Guest – Author and professor Jack Rasmus teaches in the Department of Economics and Politics at St. Mary’s College, Moraga, California.

Solutions list from our March 2009 interview with Professor Jack Rasmus.


  • No way out of housing crisis without nationalizing housing market.
  • Create a new government agency and properly fund it – $900 billion – it would create a small residential and business loan agency. Go in there and reduce long term principle and interest to long term averages that existed before 2002’s run up of huge speculation.
  • That would be for all loans, not just the ones in foreclosure. Which would stimulate consumption not just shore up housing industry. Similar to the Homeowners Loan Corporation of the 1930s.

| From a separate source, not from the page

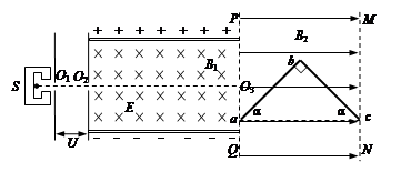 1、计算题 (16分)如图所示,S粒子源能够产生大量的质量为m、电荷量为+q的粒子(重力不计)。粒子从O1孔进入一个水平方向的加速电场(初速不计),再经小孔O2进入相互正交的匀强电场和匀强磁场区域,电场强度大小为E,磁感应强度大小为B1,方向如图。虚线PQ、MN之间存在着水平向右的匀强磁场,磁场范围足够大,磁感应强度大小为B2。一块折成直角的硬质塑料片abc(不带电,宽度、厚度都很小可以忽略不计)放置在PQ、MN之间,截面图如图,a、c两点分别位于PQ、MN上,ab=bc=L,α= 45?。粒子能沿图中虚线O2O3的延长线进入PQ、MN之间的区域。
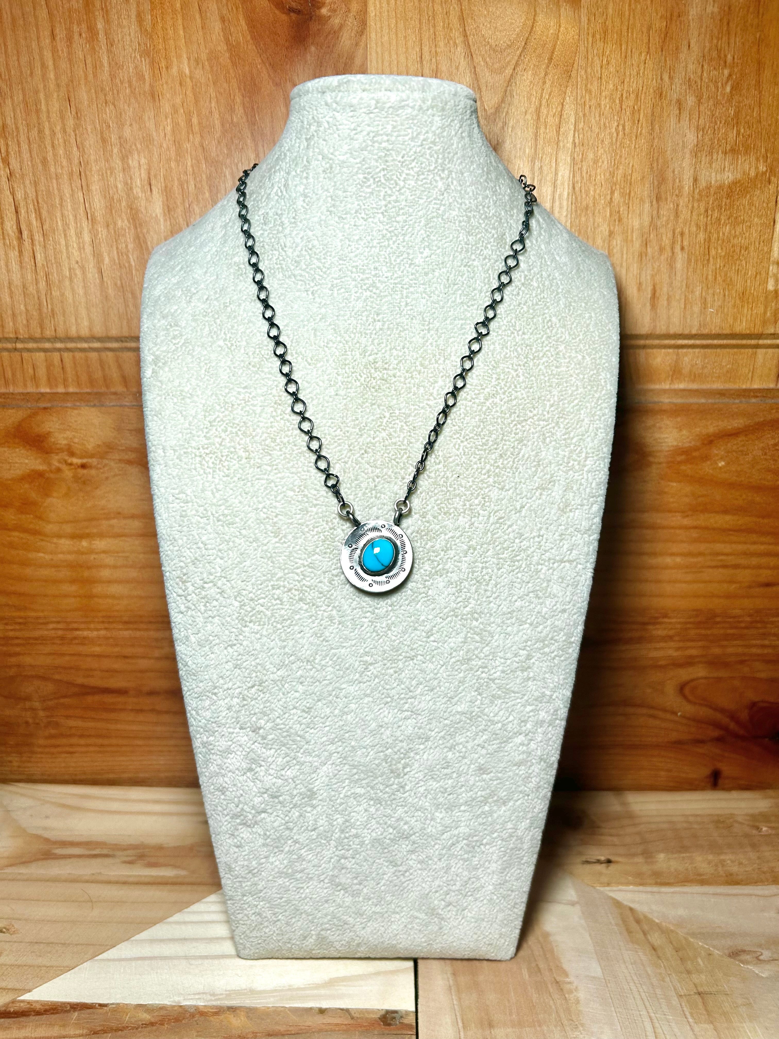 Navajo Made Egyptian Turquoise & Sterling Silver Necklace. It measures 20 inches long with hang while the chain measures 18 inches long. Signed by the artist and stamped sterling silver.

  • Auto Companies – You can’t just have 3 US auto companies surviving. They have to be nationalized if they’re going to put that much government money into them. We don’t give them a penny unless they stop their investment and expansions overseas.
  • Ford is building big plants in St. Petersburg, Russia. GM is building big plants in Shanghai, China. Immediately they should be required to build cars with proper mileage. Bring back $2 trillion of the $6 trillion that’s been stuffed away in offshore tax havens in the last 20 years.